Em cima: Um bombardeiro furtivo B-2 Spirit da Força Aérea regressa à Base Aérea de Whiteman, no Missouri, após o ataque dos EUA às instalações nucleares do Irão (Força Aérea dos EUA/Handout/Associated Press)
A missão de bombardeamento dos EUA que visou três instalações nucleares no Irão durante o fim de semana foi uma tarefa gigantesca que exigiu que os pilotos dos bombardeiros B-2 testassem os limites da resistência humana durante uma missão de 37 horas.
Sete bombardeiros furtivos, cada um com dois tripulantes, voaram sem escalas, atravessando metade do mundo e regressando, num dos mais longos ataques aéreos da história militar moderna.
Melvin G. Deaile é uma das poucas pessoas que sabe o que é estar no cockpit durante uma maratona de operações como a que foi levada a cabo no fim de semana. O coronel reformado da Força Aérea fez parte da tripulação do B-2 cuja missão de bombardeamento de 44 horas sobre o Afeganistão em 2001 ainda detém o recorde de mais longa.
Deaile descreveu a operação de sábado como um “feito incrível”. Mais de 125 aviões foram utilizados no ataque.
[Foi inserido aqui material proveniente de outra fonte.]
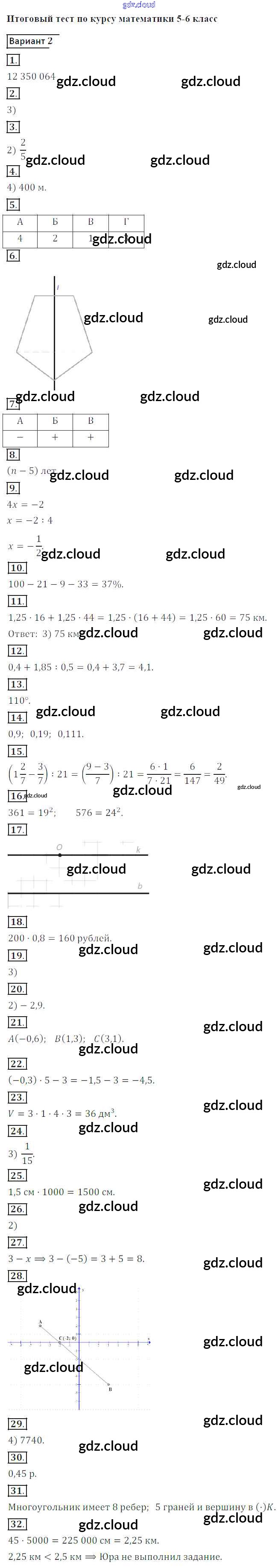 Ответы к Итоговому тесту по Математике 6 класс Контрольные работы Кузнецова Просвещение

Para além dos sete bombardeiros que voaram para leste a partir da Base Aérea de Whiteman, no Missouri, para atacar o Irão, a missão também incluiu outros bombardeiros B-2 que voaram para oeste como parte de uma manobra de diversão, bem como caças, aviões de reconhecimento e aviões-tanque de reabastecimento posicionados ao longo das rotas dos bombardeiros.
“O que para mim foi mais histórico do que qualquer outra coisa foi o facto de termos sete jactos a sobrevoar a área do alvo, executando sete séries de bombas diferentes, tudo numa questão de 30 minutos”, afirmou Deaile.
O coronel reformado, atualmente diretor da Escola de Estudos Avançados de Dissuasão Nuclear da Faculdade de Comando e Estado-Maior da Força Aérea, ofereceu-se para descrever aspetos da sua missão de 2001, mas deixou claro que só está a falar com base na sua experiência pessoal, não tem qualquer visão pessoal do ataque de sábado e não está a falar em nome do Departamento de Defesa.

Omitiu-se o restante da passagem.